On a chaotic evening in July 1950, Philip and Stephanie Barber opened the doors of the renovated farm buildings they had named Music Inn. Alan Lomax, Rev. Gary Davis, Woody Guthrie and Pete Seeger were the first performers to play in this idyllic setting to a small audience of about fifty Inn guests. The first night, the country pipes ran out of water and the Barbers had to send their guests to their rooms with bottles of ginger ale to flush the toilets. Despite a series of such trials, these new innkeepers persevered and created a celebrated haven for musicians and music lovers alike.

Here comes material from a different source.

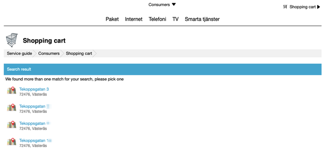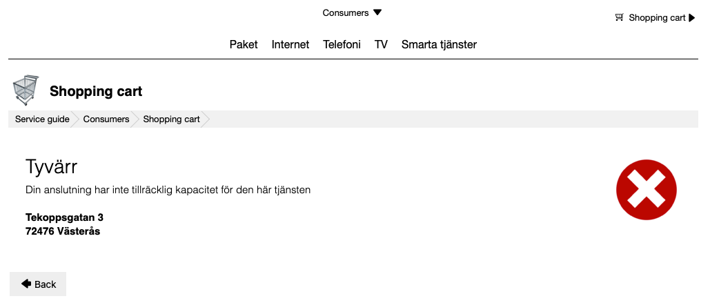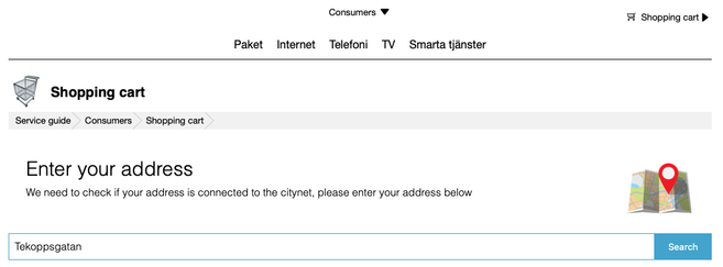 En planerad förändring för Tjänsteguiden är hur "lägg i varukorg"-knappen fungerar. Idag så kommer det upp en liten dialog där kunden får skriva in sin adress (om ni har funktionen 'endast verifierade adresser för beställa' i Tjänsteguidens inställningar) och eventuellt felmeddelande visas om kundens utrustning inte kan leverera tjänsten.

The Barbers initially invited jazz and folk artists to perform for and entertain their other guests, and they invited Professor Marshall Stearns to talk about jazz and musical traditions. The lively give and take among the musicians, the audience, and Stearns led to formal discussions called “Roundtables” and later to a formalized “Jazz Workshop” exploring the roots and nuances of jazz, folk and blues. Musicians included Woody Guthrie, Pete Seeger, Eubie Blake, Candido, Tony Scott, Michael Olatunji, Brownie McGhee, Sonny Terry, Tom Glazer, John Lee Hooker, and Randy Weston. Poet Langston Hughes participated in the roundtables, read poetry, and introduced gospel singer Mahalia Jackson to the Barbers. A famed singer in the black church world, her performance at Music Inn marked her introduction to white audiences. Music Inn quickly gained a reputation in the jazz and folk communities as a unique place where musicians could bring their families and enjoy a relaxed environment, and where people were genuinely interested in their music and what they had to say about it.
The popularity of the “Roundtable” discussions and performances soared among musicians, as Music Inn gained a reputation as a relaxed, family-friendly environment, and as a center of serious musical exploration. To accommodate the larger audience clamoring to hear the music, in 1955 the Barbers created the Berkshire Music Barn, setting up 600 seats in the courtyard of the hay barn. The Berkshire Music Barn became the first venue of its kind devoted solely to the presentation of jazz and folk. Tapping contacts and connections gathered from the years of “Roundtables”, Stephanie was able to program summer concerts featuring the top artists of the day – people like Louis Armstrong and Ella Fitzgerald. (See Appendix for list of Performers).
A kind of magic was captured at Music Inn. Musicians who had never played anywhere but in dingy bars and loud, smoky clubs were given due attention and respect at last. As Stephanie Barber pointed out, "It was the first theater for jazz where people weren't drinking and talking – they were paying attention to the music."